Thomas Bruszewski retained Provost Umphrey
Law Firm, LLP, out of Texas, to represent him in connection with a suit seeking
damages for his asbestosis and mesothelioma.
The engagement agreement contained an agreement to arbitrate any
disputes arising out of that representation, that arbitration to take place in Houston,
Texas pursuant to the rules of JAMS.
Provost subsequently brought in the South Carolina firm of Motley Rice,
LLC as co-counsel. Thomas Bruszewski
having passed away in the interim, his former spouse and executrix, Donna,
partially completed and returned, but did not sign, the engagement agreement
with Motley Rice. It as well contained
an agreement to arbitrate. Ultimately,
suit was never filed within the statute of limitations on behalf of the
Bruszewskis, and Donna initiated a legal action against the two firms. They, in turn, sought to compel arbitration
of the dispute.
One curious aspect of the agreement with Motley Rice was
that it provided for arbitration in accordance with South Carolina law. Apparently the drafter of this provision
elected to ignore a South Carolina statute that express excludes
attorney-client representation agreements from the scope of the South Carolina
arbitration act. S.C. Code Ann. § 15-48-10(b)(3). Still, the court found that the agreement
could be enforceable under the Federal Arbitration Act, the transaction at
issue involving interstate commerce.
Ultimately, the court found that the agreements to
arbitrate would not be enforced.
Applying the rules of procedural and substantive unconscionability as
set forth by the Kentucky Supreme Court in Schnuerle
v. Insight Comm. Co., L.P., 376 S.W.3d 561, 576 (Ky. 2012), the court first
set aside the arbitration agreement with Motley Rice on the basis that the plaintiff
had no meaningful choice when it came to that agreement. Rather, Motley Rice had been associated into
the case by Provost Umphrey without her prior knowledge or specific
consent. 2012 WL 6691643, *4. Further, it found that the arbitration
clause, located under a heading “Termination of Representation,” was “misleading”

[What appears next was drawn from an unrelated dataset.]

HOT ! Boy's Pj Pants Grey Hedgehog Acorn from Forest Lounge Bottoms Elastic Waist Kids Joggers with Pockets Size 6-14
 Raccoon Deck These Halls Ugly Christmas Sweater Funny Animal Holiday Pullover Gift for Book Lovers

at best. The court did not address the
argument that the agreement to arbitrate with Motley Rice was invalid for the
agreement having never been signed by Donna Bruszewski.
As to both agreements, the court found substantive unconscionability. With respect to her dispute
with Provost, the plaintiff was required to arbitrate in Houston, Texas under
the rules of JAMS. Conversely, any
arbitration with Motley would be under only the Federal Arbitration Act. Ultimately, there was the risk of
incompatible procedures in different forum:
Requiring Plaintiff to arbitrate her claims relating to the Defendants’

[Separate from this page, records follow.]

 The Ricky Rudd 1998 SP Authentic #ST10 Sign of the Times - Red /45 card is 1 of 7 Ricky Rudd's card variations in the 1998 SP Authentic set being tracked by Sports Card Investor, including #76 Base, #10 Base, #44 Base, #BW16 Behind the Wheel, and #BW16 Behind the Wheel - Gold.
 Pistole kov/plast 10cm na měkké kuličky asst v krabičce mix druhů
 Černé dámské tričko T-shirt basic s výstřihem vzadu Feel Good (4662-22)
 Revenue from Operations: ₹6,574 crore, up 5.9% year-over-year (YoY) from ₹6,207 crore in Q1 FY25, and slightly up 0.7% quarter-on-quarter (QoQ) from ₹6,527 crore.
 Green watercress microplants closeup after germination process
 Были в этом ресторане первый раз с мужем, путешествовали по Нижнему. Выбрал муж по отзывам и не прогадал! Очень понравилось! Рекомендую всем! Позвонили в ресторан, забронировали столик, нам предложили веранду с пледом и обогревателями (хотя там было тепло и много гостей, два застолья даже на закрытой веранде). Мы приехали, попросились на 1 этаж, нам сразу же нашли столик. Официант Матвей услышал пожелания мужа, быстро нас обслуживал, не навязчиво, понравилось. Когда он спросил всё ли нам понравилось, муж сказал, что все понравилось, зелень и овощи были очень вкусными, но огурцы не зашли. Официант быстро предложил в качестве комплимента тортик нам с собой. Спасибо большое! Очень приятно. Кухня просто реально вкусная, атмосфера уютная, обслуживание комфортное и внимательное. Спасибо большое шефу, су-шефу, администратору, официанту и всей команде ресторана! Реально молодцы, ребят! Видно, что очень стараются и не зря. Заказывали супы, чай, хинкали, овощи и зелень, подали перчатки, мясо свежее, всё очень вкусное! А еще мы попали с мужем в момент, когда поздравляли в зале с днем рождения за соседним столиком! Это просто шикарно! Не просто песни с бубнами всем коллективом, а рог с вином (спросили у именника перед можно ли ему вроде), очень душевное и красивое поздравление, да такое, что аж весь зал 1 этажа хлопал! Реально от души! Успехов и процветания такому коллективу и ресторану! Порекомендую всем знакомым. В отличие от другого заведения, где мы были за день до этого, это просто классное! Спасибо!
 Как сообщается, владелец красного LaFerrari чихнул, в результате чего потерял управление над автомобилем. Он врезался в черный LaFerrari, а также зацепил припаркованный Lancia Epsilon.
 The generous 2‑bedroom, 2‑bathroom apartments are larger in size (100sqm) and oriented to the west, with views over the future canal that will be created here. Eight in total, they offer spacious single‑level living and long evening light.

joint representation in two separate arbitrations in distant locations would be
most oppressive in this instance.
Moreover, to do so would place Plaintiff at a substantial disadvantage to
prove her claims. There is a substantial
likelihood that the Plaintiff would be subjected to inconsistent resolutions of
her claim by the two arbitrators.
Particularly that each is governed by different rules. Rather than promoting the goals of
arbitration, the effect of these provisions is to create an oppressive and
overly burdensome process stacked against the Plaintiff. Accordingly, the court finds these
arbitration provisions unconscionable and Defendants’ motions to compel
arbitration is denied.
Clearly the burden is upon
joint-providers who desire arbitration of disputes to reconcile their
agreements to arbitrate in order to avoid a repeat of this situation.